= The Shakertown Pledge =

Written oath against global wealth inequality

The Shakertown Pledge is a written oath created to draw attention to the inequality of worldwide wealth distribution. It was written on April 30, 1973, in a town near Lexington, Kentucky, which was historically connected to the Shaker Movement. The Pledge itself was a response to the inequality of distribution of global wealth and resources, and called for group action by Christians to rectify the problem.

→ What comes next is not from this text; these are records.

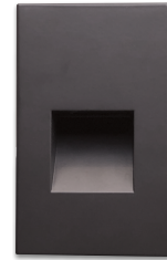
NSW-730DBZ Deep Bronze
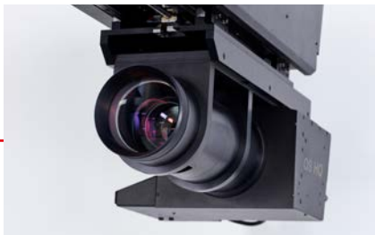
GigaPixel camera system with a CMOS-based line sensor
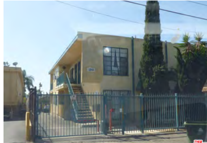
1245 N Harvard Blvd Los Angeles CA 90029

Sale Price: $1,850,000 GBA: 6,676 Sq.Ft. Year Built: 1956 Total Units: 8 Price Per Sq.Ft.: $277.11 Price Per Unit: $231,250 Date Closed: 09/29/2023
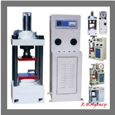
Concrete testing Machines
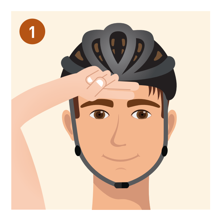
Position the helmet so that it protects your forehead. (1-2 fingers above your eyebrows).
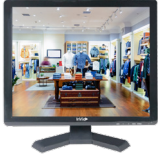
IMHD-17AN 17" HD 1280 x 1024 LED Monitor, HDMI, VGA, Looping BNC Inputs
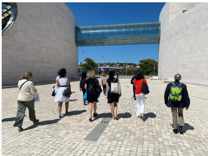
"moving forward and building bridges"
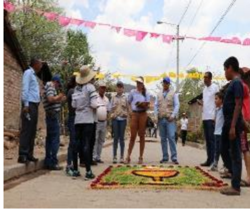
Illustration 27: First contest of sawdust carpets in Santa Cruz de la India.
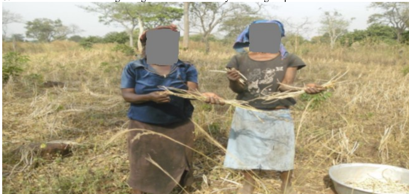
Figure 5. Female farmers harvesting drought-resistant and early maturing crop.

The text of the oath is as follows:

Recognizing that Earth and the fullness thereof is a gift from our gracious God, and that we are called to cherish, nurture, and provide loving stewardship for Earth's resources, and recognizing that life itself is a gift, and a call to responsibility, joy, and celebration, I make the following declarations:

1. I declare myself a world citizen.
2. I commit myself to lead an ecologically sound life.
3. I commit myself to lead a life of creative simplicity and to share my personal wealth with the world's poor.
4. I commit myself to join with others in the reshaping of institutions in order to bring about a more just global society in which all people have full access to the needed resources for their physical, emotional, intellectual, and spiritual growth.
5. I commit myself to occupational accountability, and so doing I will seek to avoid the creation of products which cause harm to others.
6. I affirm the gift of my body and commit myself to its proper nourishment and physical wellbeing.
7. I commit myself to examine continually my relations with others and to attempt to relate honestly, morally, and lovingly to those around me.
8. I commit myself to personal renewal through prayer, meditation, and study.
9. I commit myself to responsible participation in a community of faith.